Deutsche Bahn passengers slam ticket price hike

Deutsche Bahn passengers slam ticket price hike
Photo: DPA
German railway operator Deutsche Bahn said on Friday it plans to raise ticket prices by 3.9 percent by mid-December, sparking outrage among customers and politicians.

Citing rocketing energy prices and climbing personnel costs, Deutsche Bahn said on Friday it was raising ticket prices and charging additional fees for tickets bought over the counter rather than at vending machines or on the Internet.

Karl-Friedrich Rausch, head of Deutsche Bahn’s passenger traffic department, called the price rise “moderate.” The price hike for rail passengers is significantly lower than for car-drivers or air passengers, he said.

Deutsche Bahn Chief Hartmut Mehdorn announced the price hike earlier in August, a move largely intended to assure the company’s profitablity in the course of its long-awaited listing on the Frankfurt stock exchange this autumn.
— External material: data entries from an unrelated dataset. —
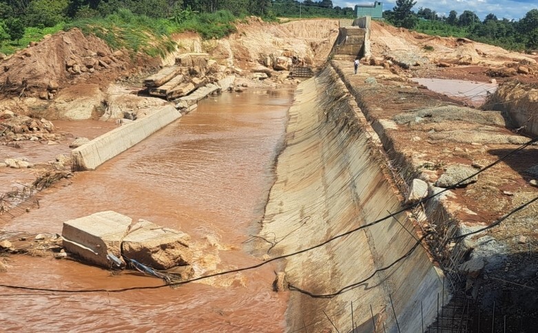 Dòng lũ đẩy trôi một phần bê tông tường phục vụ thi công đập tràn tự do của Nhà máy Ia Glae 2 đang thi công dang dở, chưa hoàn thiện toàn bộ kết cấu bê tông cốt thép.
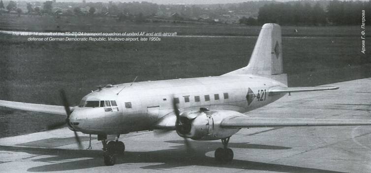 Национальная народная армия ГДР получила 4 «Ила» советского происхождения и еще 24 самолета VEB 11-14 нескольких модификаций, включая Р, Т, PF, S/PS. Машины применялись в летной школе, транспортной эскадрилье TS-27/24, атакже в спецавиагруппе TG-44 (STS-29), занимавшейся VIP-перевозками, причем ее самолеты носили цвета «Интерфлюга» и гражданскую регистрацию. «Илы» выполняли свои традиционные задачи, а дольше всех прослужили «фотографы» – борт 422 выполнил последний полет 17 декабря 1982 г.
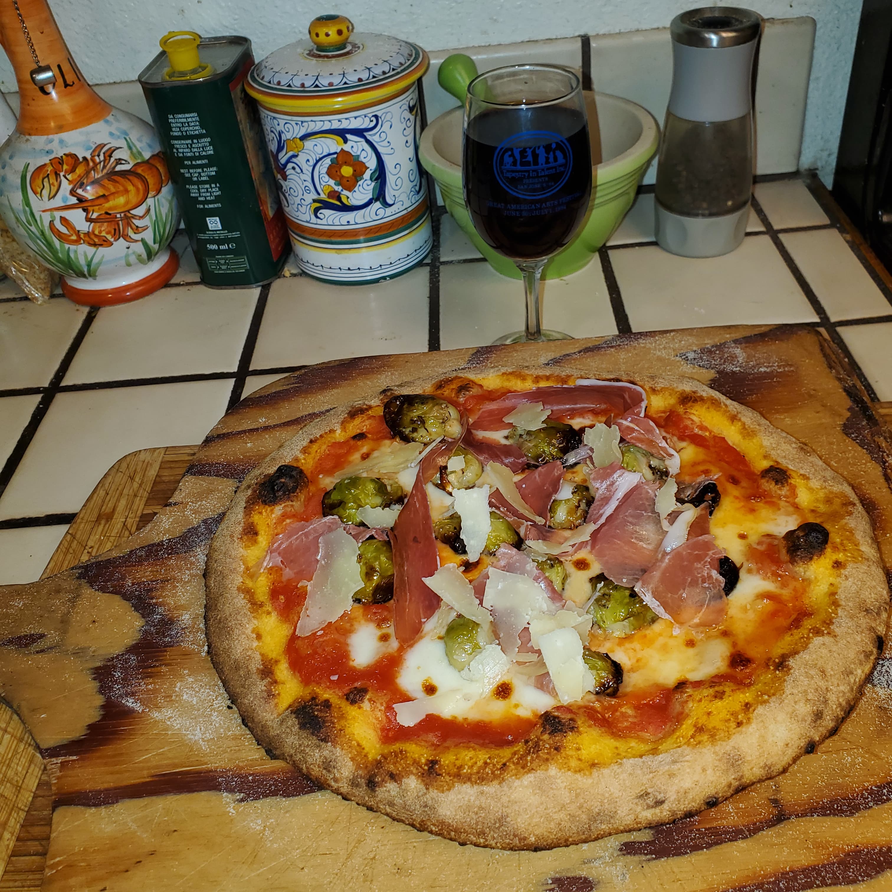 Pizza Saturday. Base of tomatoes run through a food mill. Topped with fresh mozzarella. Roasted Brussels sprouts , shredded speck , and shaved pecorino . Cheers.

Earlier this month, German news reports said the ticket price increase is expected to raise some €120 million in 2009.

But Friday’s announcement was slammed by groups representing rail passengers, environmental organizations and politicians.

The pro-passenger lobby, Pro Bahn, described the planned price hike as strategically flawed and warned it would deter customers who were willing to give up their cars because of soaring oil prices and switch to rails. The group’s chairman Peter Naumann told news agency dpa that Deutsche Bahn’s decision to charge customers an extra €2.50 if they bought tickets over the counter “discriminated against people.”

Germany’s traffic club, VCD also warned that many customers, particularly older ones, weren’t comfortable using vending machines or the Internet to buy tickets.

Winfried Hermann, spokesman on transportation affairs from the opposition Green party, called the price hike a “brutal rip-off.” Hermann warned Deutsche Bahn was making a mistake by cutting back on personalized service.

“If you want to be a good service-oriented company, you can’t be allowed to punish your customers for wanting personal service,” he said.